Adametz, Gerhard

Gerhard Adametz was in U.S. captivity after the war at Dachau, where he was interrogated, most likely using the customary torture applied by the Americans to many, if not most of their captives. (See the entry on torture.) He signed a 36-pages-long handwritten statement on 17 October 1945. However, that original has disappeared. All that survived is an alleged transcript of 12 pages. A Russian translation of it was given the document ID USSR-80 at the Nuremberg International Military Tribunal.

According to this transcript, Adametz claimed to have reached Kiev around 10 September 1943 with a group of 40 policemen called “Detachment 1005 b.” There he was led “to an old cemetery about 5 km from Kiev,” where he was led “into the adjacent field.” There he saw about 100 inmates whose legs were shackled with a chain.

One hundred, later some 330 inmates, he claimed, were extracting corpses from mass graves and piling them up on stacks containing about 700 or even about 2,000 bodies each – with no wood in between. These bodies, merely placed “on a wooden base,” were then surrounded by wood leaning against the finished pile, after which the whole pile was set ablaze. This work ended around 1 October 1943. All in all, about 100,000 bodies were exhumed and burned this way.

Rather than placing the mass graves and the resulting pyres in the ravine named Babi Yar, Adametz has this event take place in a field.
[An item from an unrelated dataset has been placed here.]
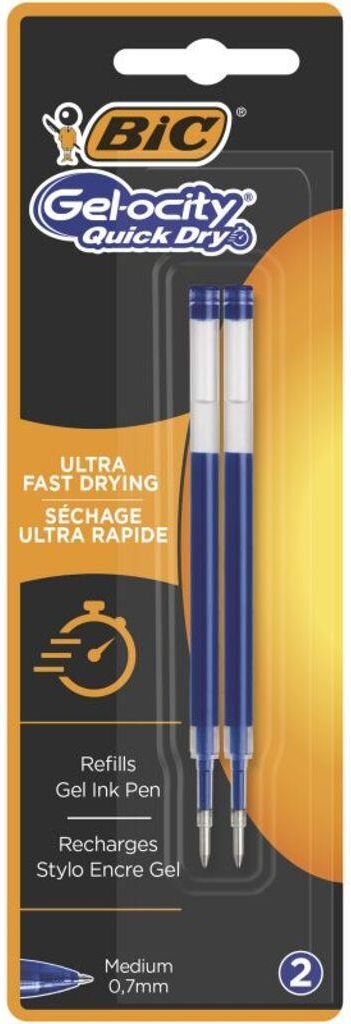 BIC Gel-ocity Quick Dry Wkład niebieski Blister 2szt - Automatyczny długopis żelowy o średniej grubości końcówce, niebieski - Wyjątkowo szybkoschnący tusz – nie rozmazuje się - Gładkość pisania - W pełni gumowana obudowa dla większego komfortu pisania - Średnica końcówki 0,7 mm zapewnia szerokość linii pisania 0,3 mm

He never mentions Babi Yar. This indicates that he was describing an event at a location he had never seen.

His description of the incineration technique allegedly used is technically impossible. His piles of corpses, allegedly two to three meters high, were merely sitting on a wooden base and then surrounded by wood leaning against the pile. The wooden base, covered by these large piles of corpses, would never have caught fire, and the wood leaning against the pile would have burned down without transferring any noticeable amount of heat to the bodies in the center.

The survivor witnesses who were interrogated by the NKGB after the war at least had their pyres built by alternating layers of wood and corpses, so in theory those could have worked. However, their calculated sizes would have made them technically impossible, too. (See the entries on Semen Berlyant, Isaak Brodsky, David Budnik, Vladimir Davydov, Iosif Doliner, Yakov Kaper, Vladislav Kuklia, Leonid Ostrovsky, Yakov Steyuk, Ziama Trubakov.)

The total number of 100,000 bodies allegedly cremated accidentally happens to coincide with the number of bodies allegedly buried at Babi Yar, according to the Extraordinary Soviet Commission.

Cremating an average human body during open-air incinerations requires some 250 kg of freshly cut wood. Cremating 100,000 bodies thus requires some 25,000 metric tons of wood. This would have required the felling of all trees growing in a 50-year-old spruce forest covering almost 56 hectares of land, or some 125 American football fields. An average prisoner is rated at being able to cut some 0.63 metric tons of fresh wood per workday. To cut this amount of wood within the five weeks (35 days) that this operation supposedly lasted would have required a work force of some 1,134 dedicated lumberjacks just to cut the wood. Adametz says nothing about huge piles of firewood, and where it came from.

In his affidavit, Adametz made statements about other locations where his unit supposedly guarded other inmate groups exhuming and burning corpses from mass graves. However, his claims as to where his unit went, and how long they stayed at which location, how many corpses were exhumed and burned are highly erratic and inconsistent. Moreover, his unit took extended breaks, recovery periods and furloughs. After having wrapped up Babi Yar, his unit was involved, from 16 October 1943 to 20 January 1944, in the exhumation and cremation of… 6,000 bodies! This is less than 62 bodies per day – a fraction of the hundreds of thousands of bodies that he allegedly just processed. It is also noteworthy that 40 to 50 inmate slave laborers were deployed at each location he mentions, no matter the number of corpses to be processed or the time available for it. In other words, his narrative was invented from scratch with no connection to reality. (See also the entry on Rumbula.)

The German text of Adametz’s statement is riddled with anglicisms both by choice of words and by sentence structure. Hence, the original text of Adametz’s statement was not written by a German in German, but in English, after which it was incorrectly translated into German by an inexperienced translator. Hence, even if Adametz handwrote this text, he did not write down his own words, but copied a poorly translated, originally English-language text. He would never have done this voluntarily. It therefore stands to reason that the American investigators cobbled together a text in English, translated it to German, softened up Adametz to make him cooperative, and had him sign it. This was probably done with assistance from the Soviets to make sure Adametz’s story about Babi Yar aligned with the Soviet version, as the Soviets evidently planned to use it, and then indeed introduced it, as evidence. Hence, they may even have requested this affidavit from the Americans.

Finally, no person by the name of Gerhard Adametz is known to historiography in any other historical context. The whole thing may just have been made up from beginning to end by the Americans and Soviets.

(For more details, see the entry on Babi Yar, as well as Mattogno 2022c, pp. 542-546, 550-563, 598-600.)